Koniec. Napisałam to. Pierwszy raz wygrałam NaNoWriMo. Rok 2020 nie był dla mnie wcale taki zły.
Nie pisałam w trakcie listopada sprawozdań z tego, jak mi idzie. Czasami wrzucałam plansze na Instagrama, a im gorzej mi szło, tym mniej mi się chciało. Bo oczywiście to nie było cudownie natchnione pisanie przez wszystkie 30 dni miesiąca. Czasami było wręcz tragicznie. Ale zmuszałam się do pisania każdego dnia, żeby nie wypaść z rytmu. Tym sposobem skończyłam powieść na 54042 słowach.
Jak to się w ogóle stało, ze po latach prób udało mi się przekroczyć magiczną granice 50K i nie odpaść w trakcie? Myślę, że na to osiągnięcie złożyło się kilka czynników. Opowiem o kilku, które miały największe znaczenie.
- Wystąpiłam w tym roku gościnnie w pewnym podkaście i pogadałam sobie z Martą o tym, jak to nie mam rutyny i motywatora. Wspomniała mi o takiej fajnej słownej grze, w której jak piszesz, to zabijasz potwory. Mowa oczywiście o 4theWords. No i ta platforma okazała się dla mnie jakimś wybawieniem, bo żeby dostawać dodatkowe nagrody za różne questy i nie tylko, trzeba było utrzymać ciągłość pisania każdego dnia. Wprawdzie dzień był zaliczony za napisanie jedynie 444 słów, ale jak już zaczęłam, to często pisałam dużo dużo więcej. Motywuje mnie to do dziś, bo posiłkuję się 4theWrods przy pisaniu blogowych tekstów i innych recenzji. I mam nadzieję, że dzięki temu zacznę się też motywować bardziej do pisania prozy nie tylko podczas NaNoWriMo.
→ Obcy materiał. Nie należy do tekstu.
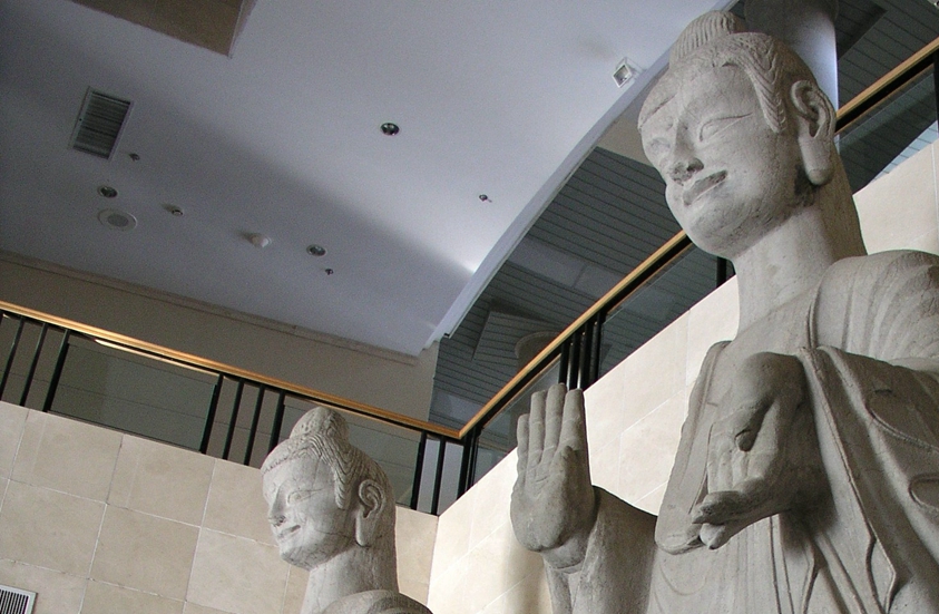 1977年,青岛市人民政府决定,将4尊石造像和两座石碑迁至 院内供国内外广大游客观赏。于是,1979年7月,石佛像被运至原 院内保护,并作为“镇馆之宝”展出。2000年东部新馆正式开放,历经风雨沧桑1500年的丈八佛终于得以在室内保护并展出。目前,作为我国博物馆室内陈列古代石造像,“双丈八佛”可为体量最大,且同殿两佛并立,皆为北魏圆雕,为历史所仅存。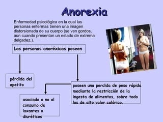 La anorexia es un trastorno psicológico en el que las personas se ven gordas a pesar de estar extremadamente delgadas y restringen su ingesta de alimentos para perder peso rápidamente. Los tratamientos intentan corregir la malnutrición y las disfunciones psíquicas a través de terapias familiares, conductuales, medicamentos y psicoterapia.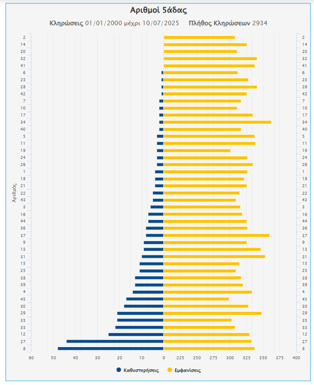 Ο ΟΠΑΠ έχει δημοσιεύσει τη λίστα με τα πιο συχνά και τα πιο σπάνια νούμερα (στατιστικά κληρώσεων) τόσο για τους αριθμούς της πεντάδας, όσο και για τον αριθμό Τζόκερ.

- Zacieśniłam więzi z polską społecznością NaNoWriMo, która z okazji pandemii przeniosła się prawie całkowicie na Discorda. Spotkania odbywały się online, więc mogłam w nich uczestniczyć mimo mojej emigracji. Czułam ten fajny doping od tłumu i potężne jaranie się, które w tym roku przepoczwarzyło się w wielką płonącą sztachetę. I już wyjaśniam. Zostaliśmy zaproszeni do pisarskiej sztafety — trzeba było przez cały weekend zmieniać się w pisaniu i nie pozwolić naszej pochodni upaść. Zupełnie jak normalna sztafeta, tylko na słowa. Udało nam się pisać przez 48 godzin pierwszego weekendu, a potem na koniec NaNo poszliśmy na rekord i w 25 osób pisaliśmy przez 100 godzin. Ja sama zajęłam aż 8 slotów i przez taką godzinę średnio udawało mi się napisać 1500 słów.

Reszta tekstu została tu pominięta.